Керк отворил дверь в ту же секунду, как будто знал, что я приду. Мы стояли на пороге, молча глядя друг на друга. Не говоря ни слова, он шагнул вперед и обнял меня. Мне не пришлось просить его об этом. Его тело, прижавшееся к моему, вопрошало, и я позволила моей плоти ответить. Он понес меня на бесконечное расстояние, до кровати, и ощущение покоя и безопасности, охватившее меня впервые в нашем лесном храме, вернулось ко мне опять, окутав меня блаженным покровом, разогнав мои страхи.
Спустя долгое время, вероятно, часы, Керк произнес мое имя.
— Все хорошо, дорогой, — сказала я. — Тебе не нужно что-то говорить. Я пойму. Мне достаточно просто быть с тобой.
— Я хочу сказать тебе это. Я люблю тебя.
— Тебе не нужно было говорить об этом. Я рада, что ты сказал, но в этом не было необходимости.
— Я не мог удержаться. Мне хотелось сделать это со вчерашней ночи.
— Почему же ты этого не сделал? На тропе сегодня ты почти не говорил со мной.
Он колебался.
— Знаешь, мне было стыдно. У меня было такое ощущение, что я воспользовался своим преимуществом. Это было невыносимо. К тому же ты ни разу не сказала мне, даже не намекнула, что любишь меня. Откуда я мог знать, что ты испытываешь на самом деле? Я панически боялся, что тобою руководит чувство благодарности и не более. Иногда мне казалось, что ты просто боишься и ищешь во мне только заступника, спасителя… Но ведь я хотел совсем другого! Потом…
Потом было счастье, но я боялся обмануться. И наутро я вынес себе приговор: пусть все будет, как будет! Если она захочет все забыть, то придется забыть и мне.
— «Пусть все будет, как будет…» — расхохоталась я и крепко обняла его. — О, Уин, мы такие глупцы! А я думала, если ты молчишь, то происшедшее для тебя ничего не значило.
Да, мы были глупцами, двое взрослых людей, ожидавших, что первым должен заговорить другой. Ожидая этого, мы чуть было не потеряли навсегда то, что столь щедро подарила нам судьба.
— Я действительно небезразличен тебе? — смущенно переспросил Керк, словно боясь поверить в свое счастье.
— Ты совсем небезразличен мне, глупый. Я люблю тебя. Я с ума схожу по тебе. Наверное, это возникло с того мгновения, как мы встретились впервые. О, я боролась с этим изо всех сил, клянусь, но ничего не могла с собой поделать.

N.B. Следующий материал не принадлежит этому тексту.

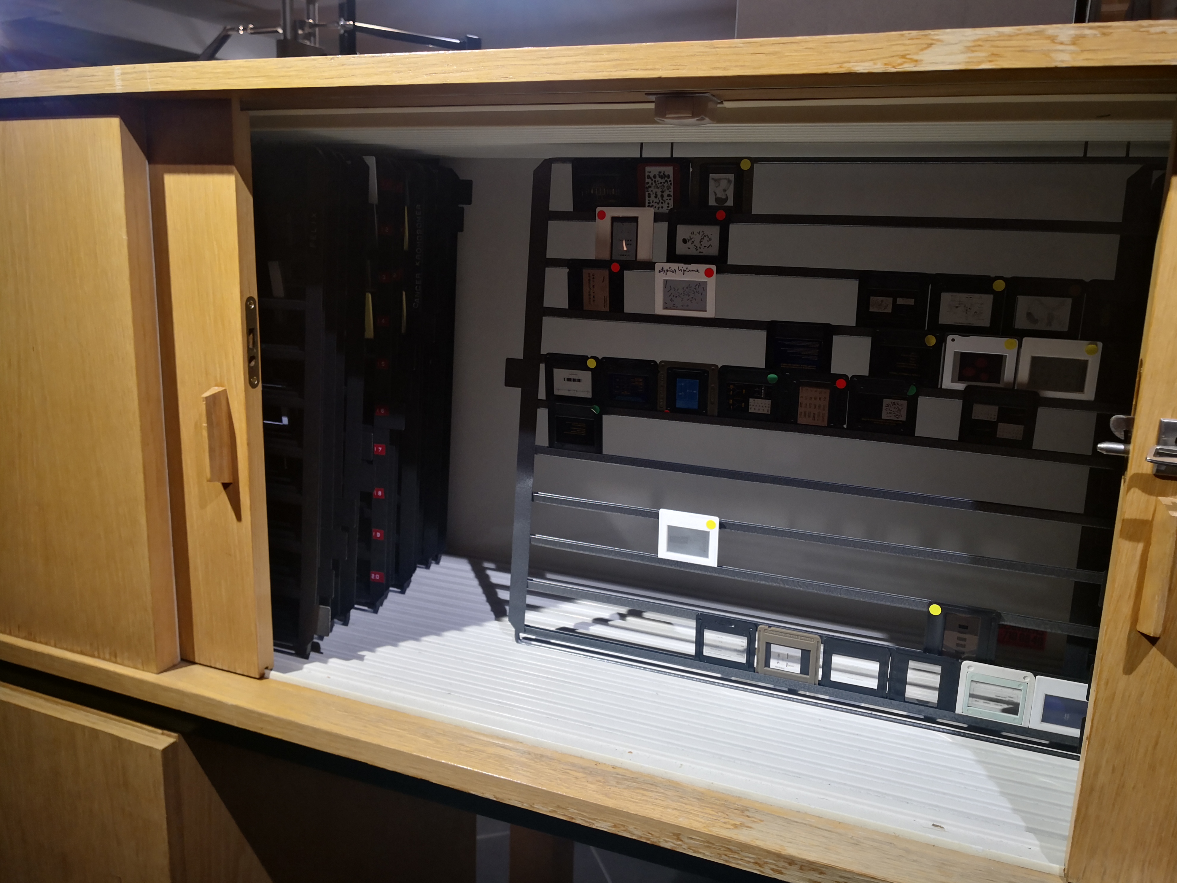 Współcześnie rolę magazynków z przeźroczami pełnią pliki PowerPoint. Nie można ich rozsypać. Zazwyczaj też prowadzący zajęcia sam steruje ich kolejnością. Ciekawe jak będą wyglądały wykłady za 75 lat? Mebel został przekazany do Muzeum z Katedry i Zakładu Biologii i Genetyki Medycznej.
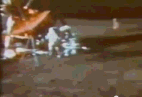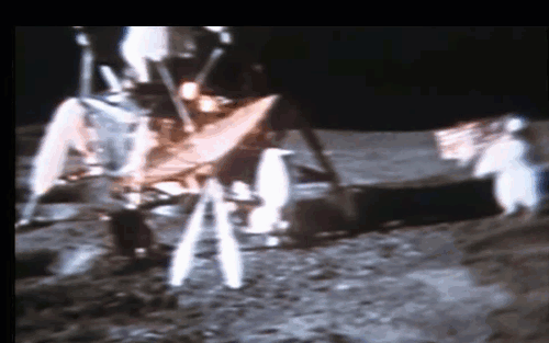Poi è talmente sicuro della pendenza della bandiera che ha preso un video che non so se è per il fisheye o per altro, è tutto storto, tant'è che l'astronauta che passa vicino alla bandiera è inclinato esattamente allo stesso modo.
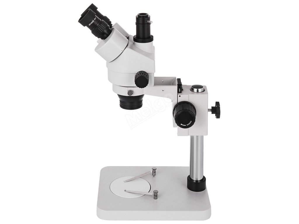 Trinokulární stereomikroskop 3.5×–90× 360° otočný sloupový stojan
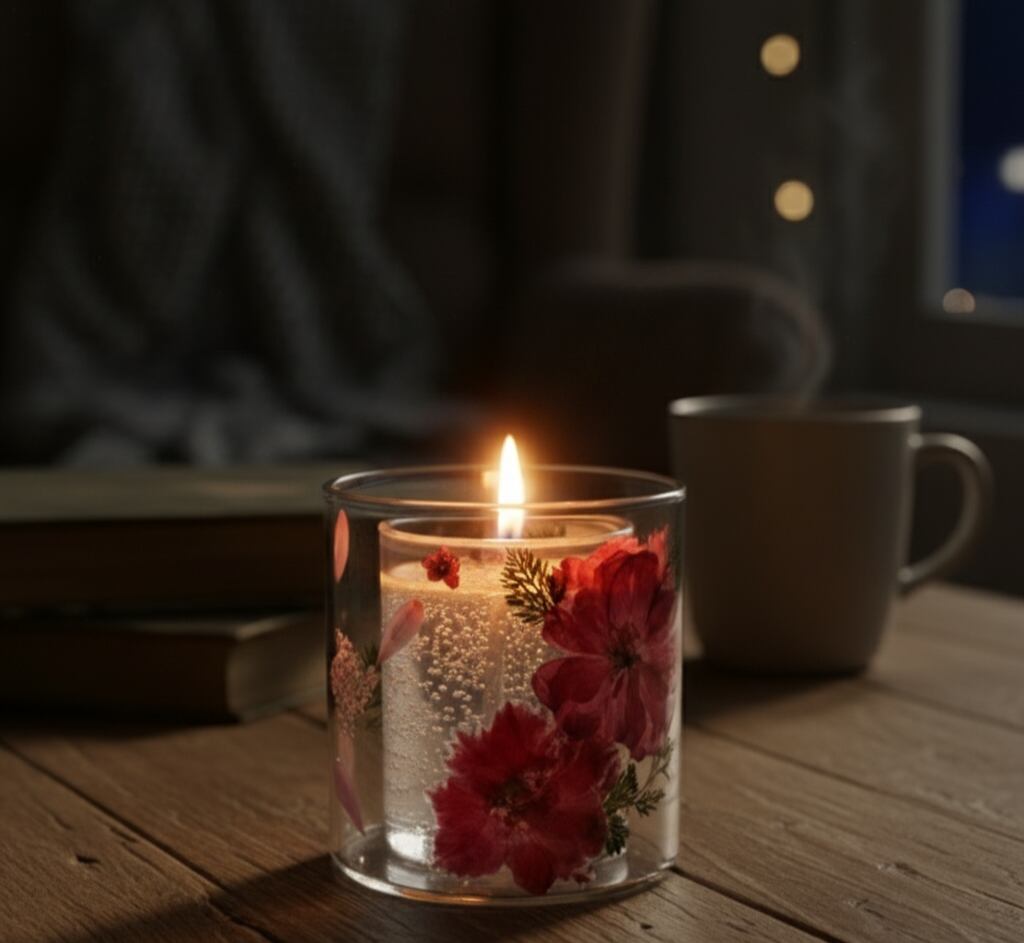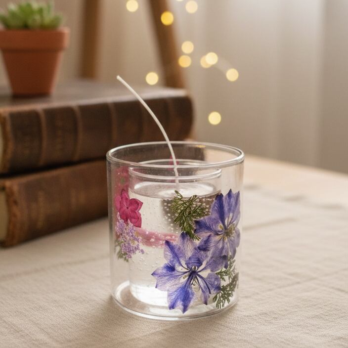 透明度の高いジェルワックスの中に、色鮮やかな押し花を閉じ込めたボタニカルキャンドルです。
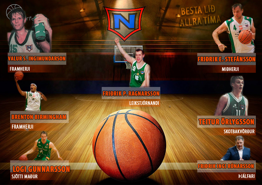 Við höldum áfram að birta sterkustu 5 manna uppstillingu liðana í Dominosdeildinni og að þessu sinni er komið að Njarðvíkingum.  Þrátt fyrir mögur ár nú á nýrri öld voru Njarðvíkingar nánast í áskrift þar á undan að titlum.  Félagið halaði inn titlum og troðfullir bikarskápar Ljónagryfjunnar endurspegla það.  Álitsgjafar hafa hingað til verið nokkuð afdráttarlausir í skoðun sinni en þeir Njarðvíkingar sem við höfðum samband við áttu í mesta basli með að raða saman fimm bestu og báðu endurtekið um að bæta við öðru fimm manna liði. En þetta hafðist að lokum og hér koma þeir sem álitsgjafar töldu vera bestu fimm.
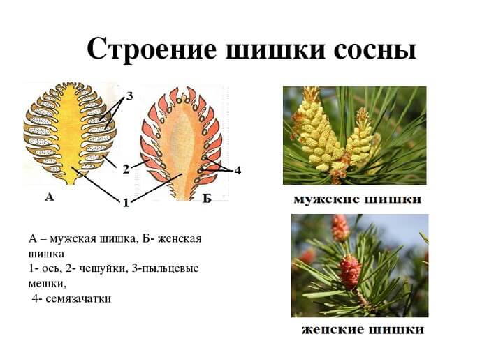 У зрелой женской шишки на месте семязачатков должны появиться семена. Мужская шишка тоже имеет стержень и чешуи, но вместо семязачатков содержит пыльцевые мешочки с пыльцой.
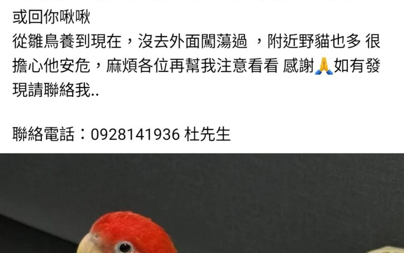 【尋找小鸚~啾啾 地點 新北市新莊區】
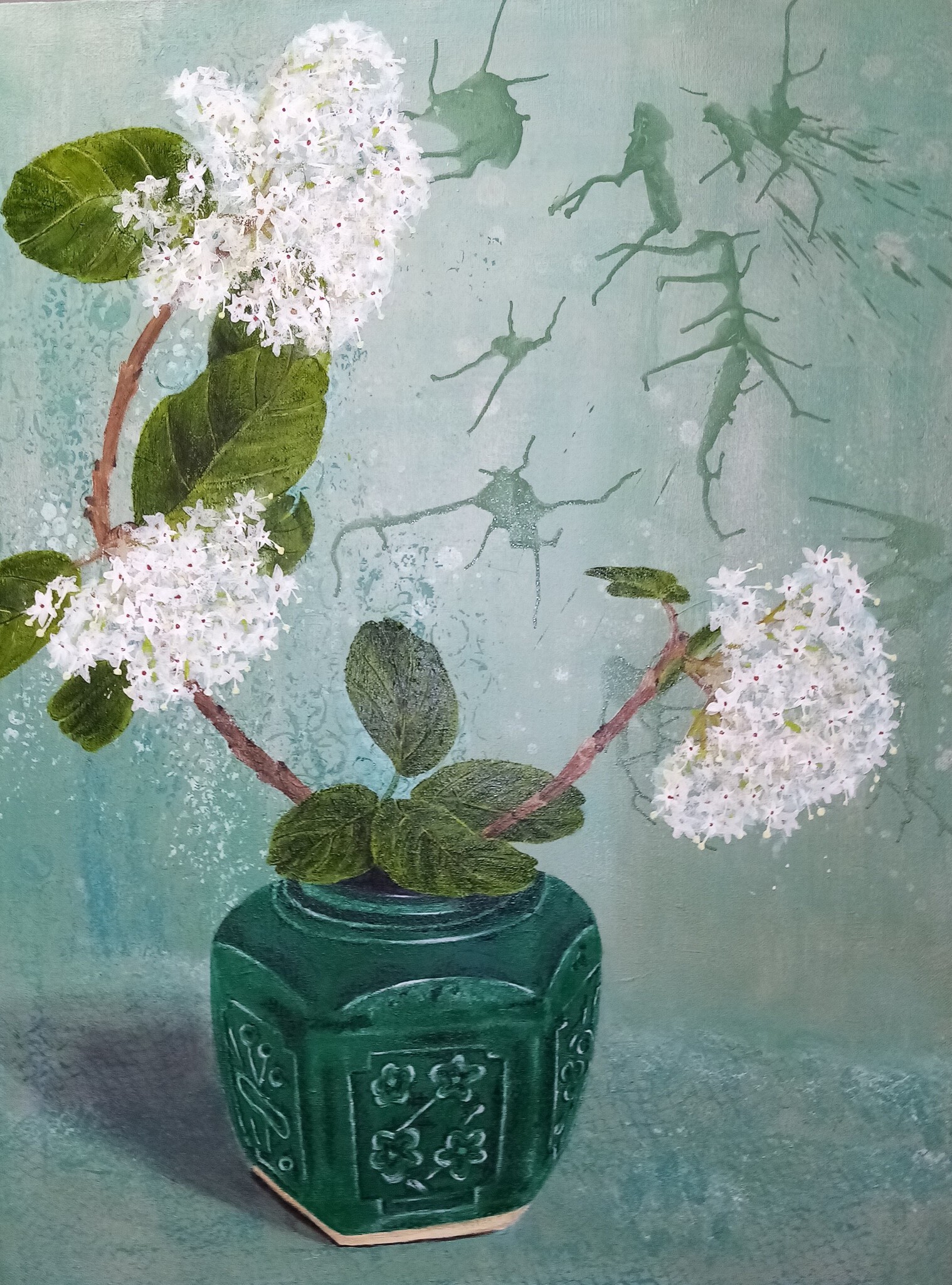 De achtergrond is gelaagd en mysterieus, opgebouwd uit doorschijnende tinten groen met abstracte vormen die doen denken aan organische structuren of verweerde muren. Dit contrast tussen figuratie en abstractie versterkt de dieptewerking.
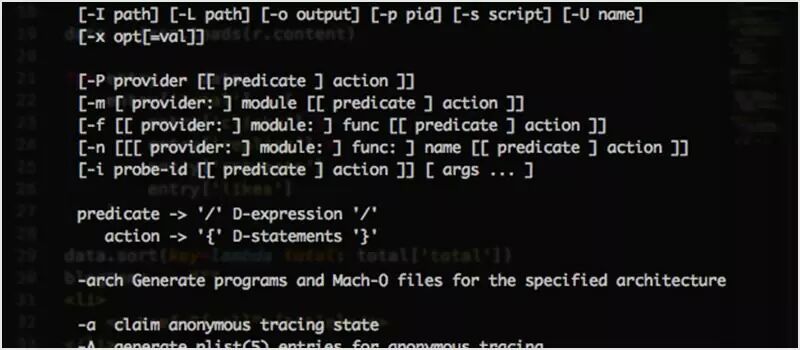 DTrace 可以说是 strace 的大哥。它动态地跟踪与检测代码实时运行的指令。它允许你深入分析其性能和诊断故障。但是,它并不简单,关于这个话题有1200本书之多。

— Не только ты боролась, — признался он. — Со мной происходило то же самое. Ты же, конечно, догадывалась об этом по моему поведению.
— По твоему поведению я могла только подозревать, что ты презираешь меня. И почти ненавидишь! Но я ни в чем тебя не виню. Как я была отвратительна!
— Ты была прекрасна, хорошая моя!
— Я была ужасно жестока к тебе, Уин. Я не хотела быть такой и потом ужасно стыдилась себя. Ты сможешь меня простить когда-нибудь?
— Мне нечего прощать, — ответил он.
Разумеется, ему было, что прощать мне, и он знал это так же хорошо, как и я, но в том-то и заключается чудо любви: она не только стирает из памяти старые обиды, но и вообще отрицает их существование. У любви нет горьких воспоминаний и тайных счетов. Керк и я могли начать все заново, как заново рожденные. Это было возвышающее знание и, овладев им наконец, теперь я могла ощутить нежную жалость к тем, чьи глаза еще не открылись ему.
Прошлое было забыто, настоящее определено, и я как женщина начала планировать будущее. Я приподнялась на локте, чтобы видеть его лицо.
— Уин, я подумала о том, куда мы уедем отсюда?
— Твои друзья сказали мне, что вы уезжаете завтра утром.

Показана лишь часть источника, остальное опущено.